Data for this task:
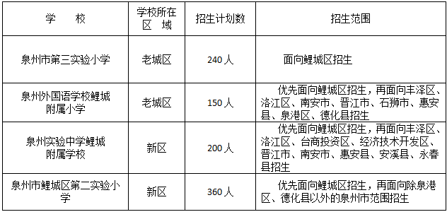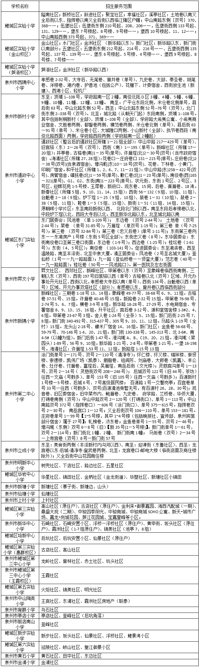 泉州市鲤城区公办小学招生服务范围
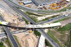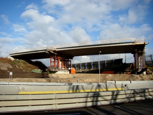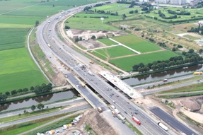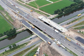 | Hierboven: Overzicht van de onderdoorgang van de A2 onder spoorlijn naar Nijmegen met de verbrede viaducten. Links: een spoorwegviaduct ligt klaar om ingeschoven te worden. foto's © InfraA2 en RWS, 24 februari 2009 en maart 2009 |
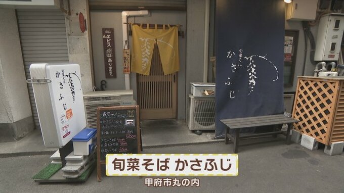 甲府駅南口、甲府ちょうちん横丁にある「旬菜そば かさふじ」です。
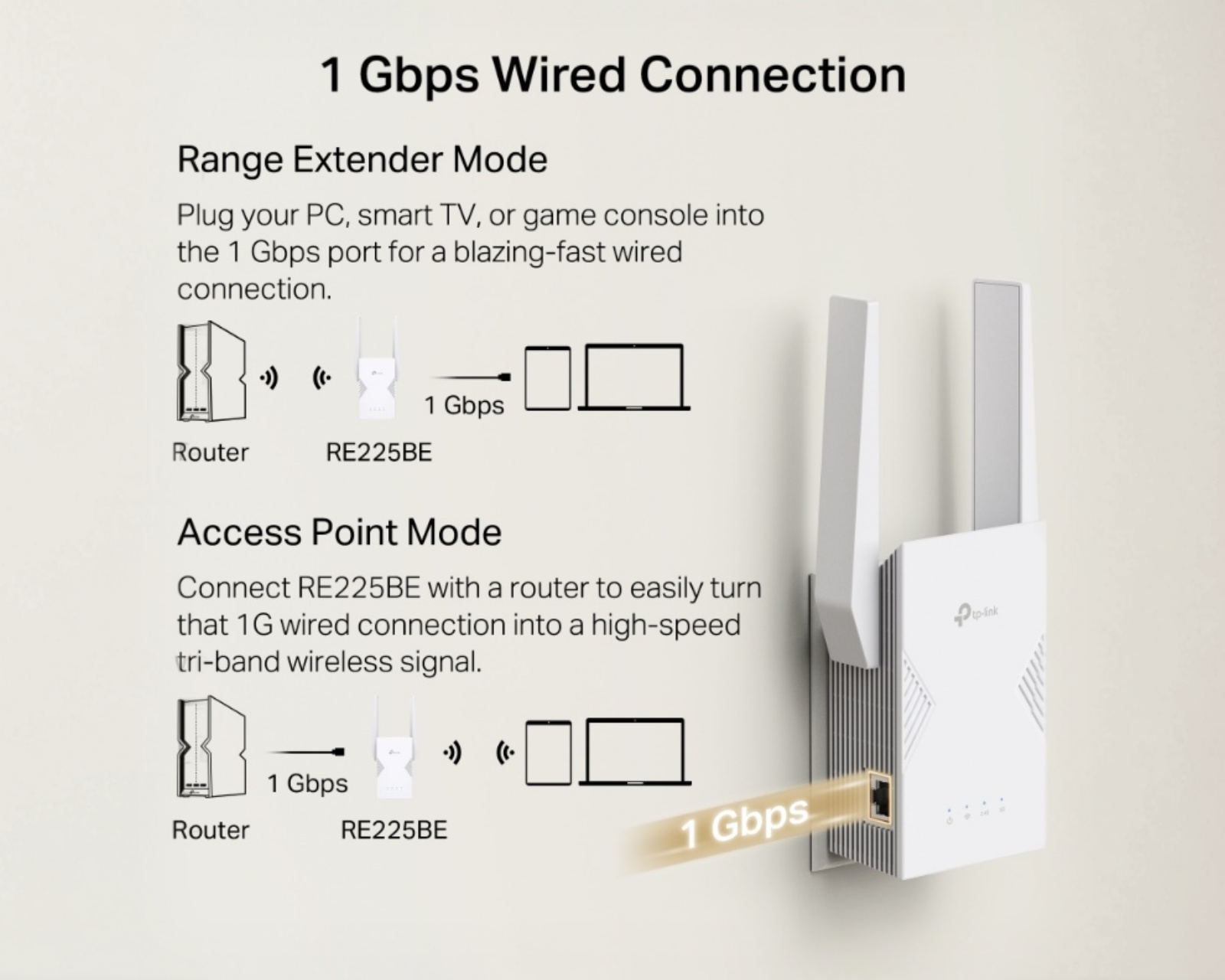 RE225BE BE3600 Dual-Band Wi-Fi 7 Reichweitenverlängerer ist eine hochleistungsfähige Netzwerk-Lösung von TP-Link, die entwickelt wurde, um Ihr Wi-Fi-Netzwerk zu erweitern. Mit Geschwindigkeiten von bis zu 3,6 Gbps (2882 Mbps bei 5 GHz und 688 Mbps bei 2,4 GHz) wird eine stabile und schnelle Internet-Erfahrung für Streaming, Gaming und Multitasking in Ihrem Wohn- oder Arbeitsumfeld sichergestellt.Dieser Reichweitenverlängerer unterstützt Multi-Link Operation (MLO), das den Durchsatz verbessert und die Latenz reduziert, indem es mehrere Verbindungen gleichzeitig nutzt. Ausgestattet mit einem Gigabit Ethernet-Port ermöglicht er schnelle kabelgebundene Verbindungen zu Geräten wie Smart-TVs, Computern und Spielkonsolen. Darüber hinaus bietet er die Smart Roaming-Funktion, die es Ihnen ermöglicht, sich frei zwischen Räumen zu bewegen, ohne die Verbindung zu verlieren. Er ist auch kompatibel mit der EasyMesh-Technologie, um ein nahtloses Mesh-Wi-Fi-System im gesamten Haus zu schaffen, was Signalprobleme eliminiert.
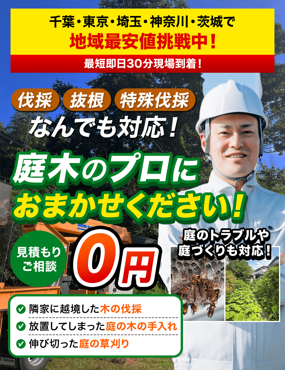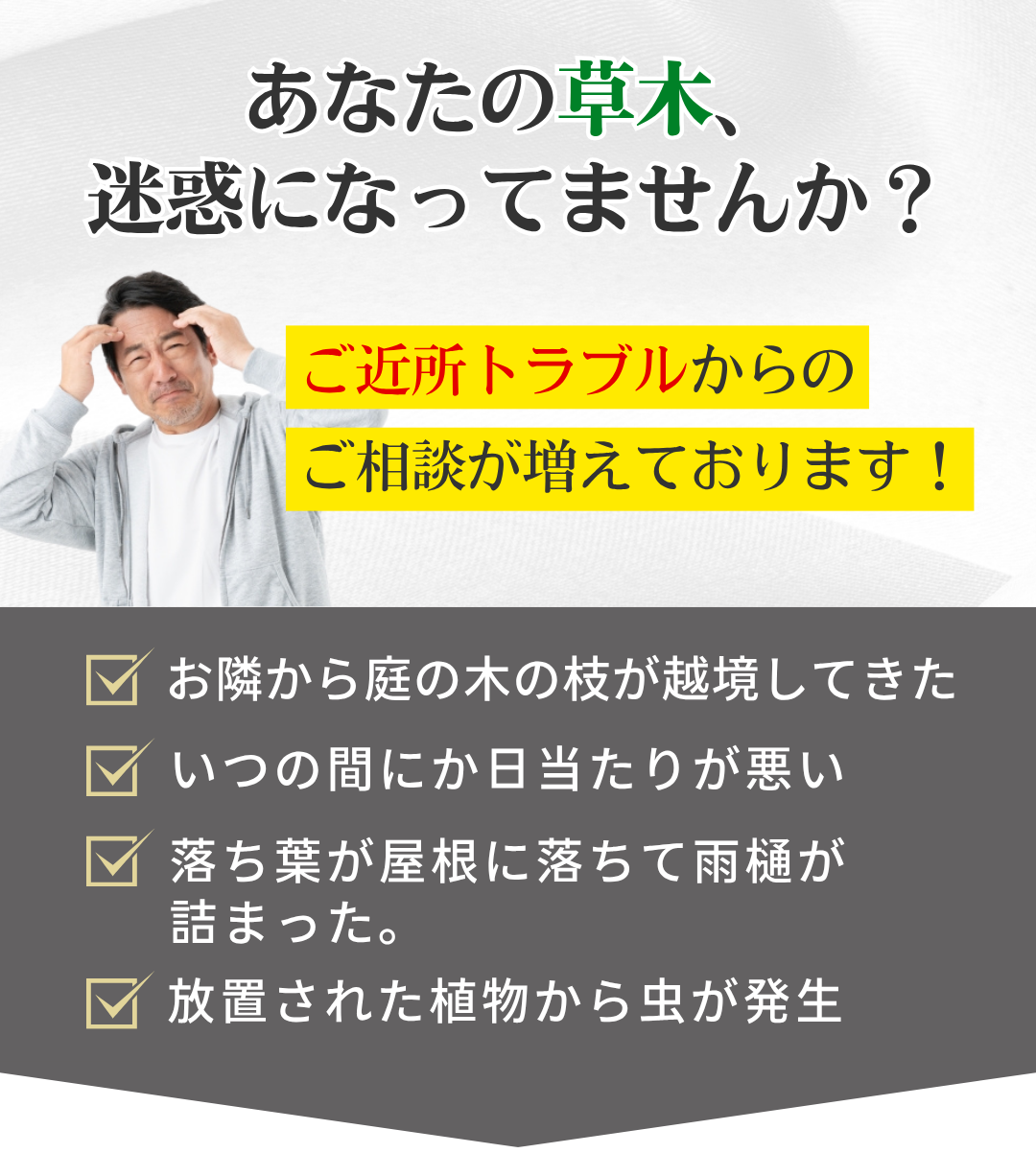 木1本からお伺いいたします!少しだけ枝を切って欲しいだけだから。と、なかなかご連絡に踏み出せない方が多いですが、ご安心ください!どんなご相談でも大歓迎です! -

Work request:
Retype everything in the entries exactly except the pictures.

Output:
 泉州市鲤城区公办小学招生服务范围
 | Hierboven: Overzicht van de onderdoorgang van de A2 onder spoorlijn naar Nijmegen met de verbrede viaducten. Links: een spoorwegviaduct ligt klaar om ingeschoven te worden. foto's © InfraA2 en RWS, 24 februari 2009 en maart 2009 |
 甲府駅南口、甲府ちょうちん横丁にある「旬菜そば かさふじ」です。
 RE225BE BE3600 Dual-Band Wi-Fi 7 Reichweitenverlängerer ist eine hochleistungsfähige Netzwerk-Lösung von TP-Link, die entwickelt wurde, um Ihr Wi-Fi-Netzwerk zu erweitern. Mit Geschwindigkeiten von bis zu 3,6 Gbps (2882 Mbps bei 5 GHz und 688 Mbps bei 2,4 GHz) wird eine stabile und schnelle Internet-Erfahrung für Streaming, Gaming und Multitasking in Ihrem Wohn- oder Arbeitsumfeld sichergestellt.Dieser Reichweitenverlängerer unterstützt Multi-Link Operation (MLO), das den Durchsatz verbessert und die Latenz reduziert, indem es mehrere Verbindungen gleichzeitig nutzt. Ausgestattet mit einem Gigabit Ethernet-Port ermöglicht er schnelle kabelgebundene Verbindungen zu Geräten wie Smart-TVs, Computern und Spielkonsolen. Darüber hinaus bietet er die Smart Roaming-Funktion, die es Ihnen ermöglicht, sich frei zwischen Räumen zu bewegen, ohne die Verbindung zu verlieren. Er ist auch kompatibel mit der EasyMesh-Technologie, um ein nahtloses Mesh-Wi-Fi-System im gesamten Haus zu schaffen, was Signalprobleme eliminiert.
 木1本からお伺いいたします!少しだけ枝を切って欲しいだけだから。と、なかなかご連絡に踏み出せない方が多いですが、ご安心ください!どんなご相談でも大歓迎です! -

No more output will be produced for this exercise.